Arion menatapku dengan tatapan bingung. "Ada apa, Sayang? Apa ada yang salah?"

Aku menarik napas dalam-dalam. "Aku… aku tidak yakin apakah ini berhasil."

Arion mengerutkan kening. "Apa maksudmu? Kita sangat cocok. Aplikasi itu membuktikannya."

"Aku tahu," kataku. "Tapi… itu masalahnya. Kita terlalu cocok. Terlalu terprediksi. Aku merasa seperti kita sedang menjalani skenario yang telah ditulis oleh sebuah algoritma."

Arion terdiam sejenak, lalu berkata dengan nada dingin, "Jadi, kau menyalahkan aplikasi ini?"

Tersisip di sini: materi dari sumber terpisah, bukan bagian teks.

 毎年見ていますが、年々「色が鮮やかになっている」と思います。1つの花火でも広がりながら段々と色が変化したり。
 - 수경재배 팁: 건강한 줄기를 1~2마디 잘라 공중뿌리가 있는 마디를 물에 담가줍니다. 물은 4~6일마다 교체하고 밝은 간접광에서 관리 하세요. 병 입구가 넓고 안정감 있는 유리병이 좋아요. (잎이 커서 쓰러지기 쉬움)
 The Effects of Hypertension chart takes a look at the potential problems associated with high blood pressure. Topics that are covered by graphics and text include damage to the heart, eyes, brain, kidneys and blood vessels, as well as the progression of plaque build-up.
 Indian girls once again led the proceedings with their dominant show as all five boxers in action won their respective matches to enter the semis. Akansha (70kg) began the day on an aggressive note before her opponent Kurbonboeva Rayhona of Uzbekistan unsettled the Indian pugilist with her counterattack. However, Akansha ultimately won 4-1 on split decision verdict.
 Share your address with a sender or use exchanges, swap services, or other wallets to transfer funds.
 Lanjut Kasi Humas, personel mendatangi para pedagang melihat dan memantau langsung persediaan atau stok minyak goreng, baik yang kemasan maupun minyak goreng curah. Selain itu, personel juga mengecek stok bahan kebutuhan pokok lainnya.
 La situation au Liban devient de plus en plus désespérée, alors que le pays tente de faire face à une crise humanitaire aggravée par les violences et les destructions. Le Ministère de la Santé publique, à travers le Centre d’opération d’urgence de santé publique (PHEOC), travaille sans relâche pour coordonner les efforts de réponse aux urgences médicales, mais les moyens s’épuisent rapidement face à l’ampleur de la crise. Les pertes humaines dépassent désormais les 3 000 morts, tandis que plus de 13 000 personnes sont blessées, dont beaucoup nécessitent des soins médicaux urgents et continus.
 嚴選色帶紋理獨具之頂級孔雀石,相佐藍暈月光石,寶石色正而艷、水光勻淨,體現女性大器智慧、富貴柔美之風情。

"Bukan itu maksudku," kataku. "Aku hanya… aku merindukan ketidaksempurnaan. Aku merindukan sesuatu yang lebih… organik."

"Organik?" Arion tertawa sinis. "Kau tahu betapa sulitnya menemukan cinta di dunia yang kacau ini? Aplikasi ini memberimu solusi. Ini memberimu kepastian. Mengapa kau ingin menolaknya?"

"Karena kepastian bukanlah segalanya," kataku. "Aku ingin merasakan sesuatu yang lebih dari sekadar kecocokan algoritmik. Aku ingin merasakan cinta yang tulus, yang tumbuh secara alami, dengan segala kelebihan dan kekurangannya."

Malam itu, kami berpisah dengan perasaan yang hancur. Aku menghapus aplikasi SoulMate 3.0 dari ponselku. Aku kembali ke dunia kencan yang tak pasti, penuh dengan risiko dan kemungkinan.

Aku tidak tahu apakah aku akan menemukan cinta lagi. Tapi, satu hal yang pasti: aku tidak akan pernah lagi mempercayai algoritma untuk menentukan takdir hatiku. Cinta, bagiku, haruslah sebuah perjalanan, bukan sebuah formula. Cinta haruslah sebuah petualangan, bukan sebuah prediksi. Cinta haruslah sebuah ketidaksempurnaan yang indah, bukan kesempurnaan yang hampa. Karena, pada akhirnya, cinta sejati adalah tentang menemukan keindahan dalam ketidaksempurnaan, bukan tentang mencari kesempurnaan di ujung algoritma.